Saturday, August 25, 2012

Valuations decent, tap chaos to invest systematically

Valuations decent, tap chaos to invest systematically



Pradeep Gokhale, fund manager, equities and head of research at Tata Mutual Fund, believes that lower risk perception among global investors and expectation of further monetary easing in the US and Europe may keep the markets steady in the near term. However, he tells Nitin Shrivastava that for Indian markets to re-rate significantly, we would need sustainable improvement in return on equity and earnings. Edited excerpts:

Markets have now gained more than 10% since June. What’s keeping them resilient?

The low market valuation in June has certainly been one of the reasons for the recent rally. Simultaneously, there have been developments on the policy front, both domestically and internationally. The EU summit decision on direct recapitalisation of EU banks and ECB chief Draghi’s strong assertions on preserving the euro and buying government debt, have given confidence to markets. The resultant lower risk perceptions have caused a shift of funds from debt to risk assets and led to a rally in equity and commodities. In India, we are seeing efforts to resolve the power sector problems and other initiatives to improve policy framework.

Has anything changed on the macro front drastically for markets to rejoice?

The macro situation is not very encouraging. We are seeing a slowdown of growth both in India and major economies of the world such as the US, the EU, China and Japan. In India, the growth slowdown has not yet resulted in lower inflation and our twin deficits remain elevated. The market is not rejoicing a change in macro conditions, but the fact that respective authorities, be it the EU, China or India, seem to be working to address the issues at hand. Market probably sees the recent policy announcements which I mentioned earlier, as more constructive rather than the ‘kick the can down the road’ type steps it has seen for the past 12-18 months. However, while these steps are welcome, one cannot ignore the fact that much more needs to be done to resolve these issues.

The CPI numbers released earlier this week saw some moderation. What’s your view on inflation in coming months?
The WPI inflation has shown some moderation, but the CPI inflation has not yet reflected a similar decline. However, both these numbers are not fully representing the real inflation picture due to the element of suppressed inflation (due to controlled energy prices). Inflation in the next six months to a year may come down cyclically due to the slowdown in growth. However, the root cause of inflation in India is our high fiscal deficit and the resultant crowding out of investments in private sector. Unless we take effective steps to tackle the fiscal deficits by improving the quality and nature of our government spending, inflation is likely to remain high.

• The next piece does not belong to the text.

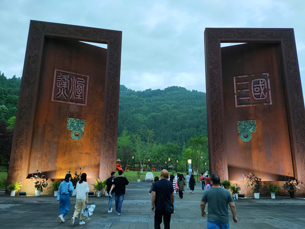 进入《烽烟三国》景区,首先看见的就是两扇大门,分别写着“烽烟”和“三国”两个大字。和其他的景区大门不同,这两扇门单独而立,分别向内打开,游人从两扇门中间通过,给人一种穿越进入历史之中的感觉
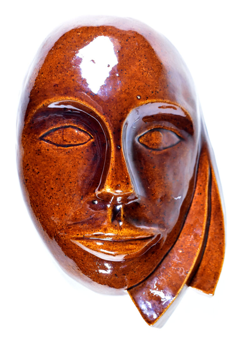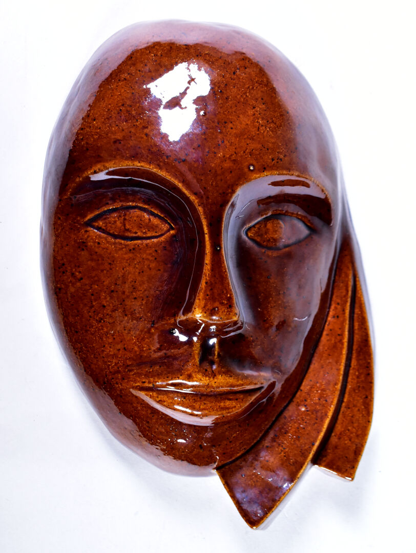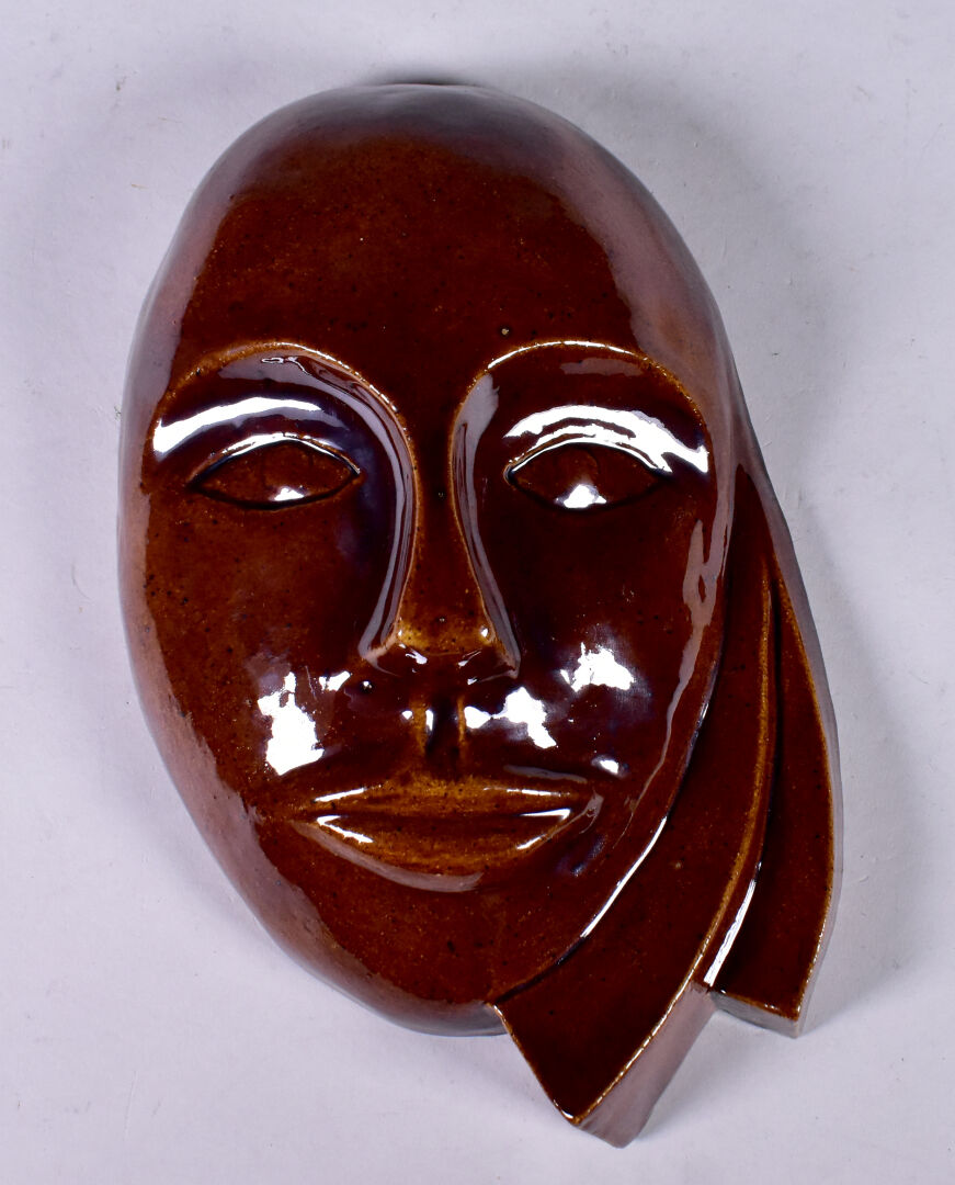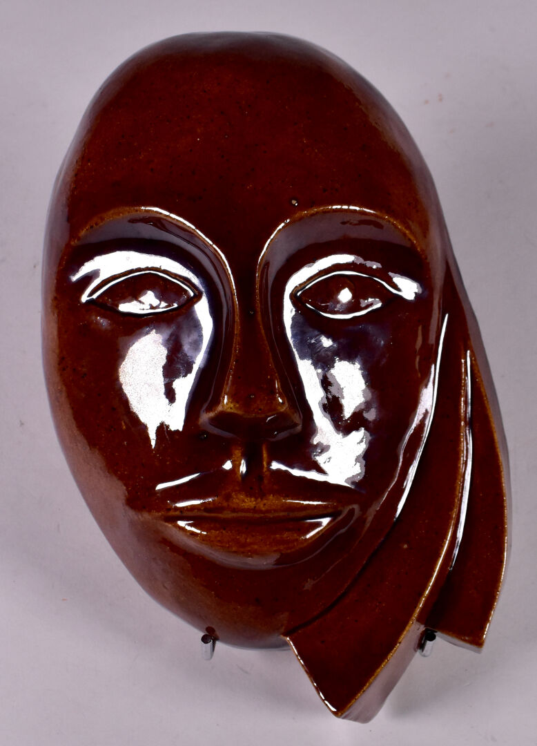 Applique en céramique émaillée chocolat représentant un masque. Monogramme JB, daté 1982. Haut. : 27 cm.

What do you make out of market valuations currently in light of consistent downgrade in Sensex earnings estimates?
The market valuations are below historical averages on price to earnings and price to book basis. This is definitely a comforting factor. However, our earnings per share (EPS) growth rates and return on equities (RoE) have also declined compared to the historical averages. Thus, unless we see an increase in EPS growth rates and sustainable improvement in RoEs, we may not see material re-rating of the markets.

Your fund performance of Tata Pure Equity has consistently outperformed its benchmark. What do you ascribe this to?
Tata Pure Equity Fund is focussed on large cap stocks. We continue to focus on high quality set of businesses or companies that have compounding characteristics, good governance, better management quality, innate strengths in their business areas and superior capital efficiency. At the same time, we do make tactical opportunity calls on businesses having a basic standard of quality, but make a good purchase at a certain valuation. In the past one year, the fund’s overweight positions in auto/auto ancillaries, healthcare, and cement and underweight in metals have helped it outperform.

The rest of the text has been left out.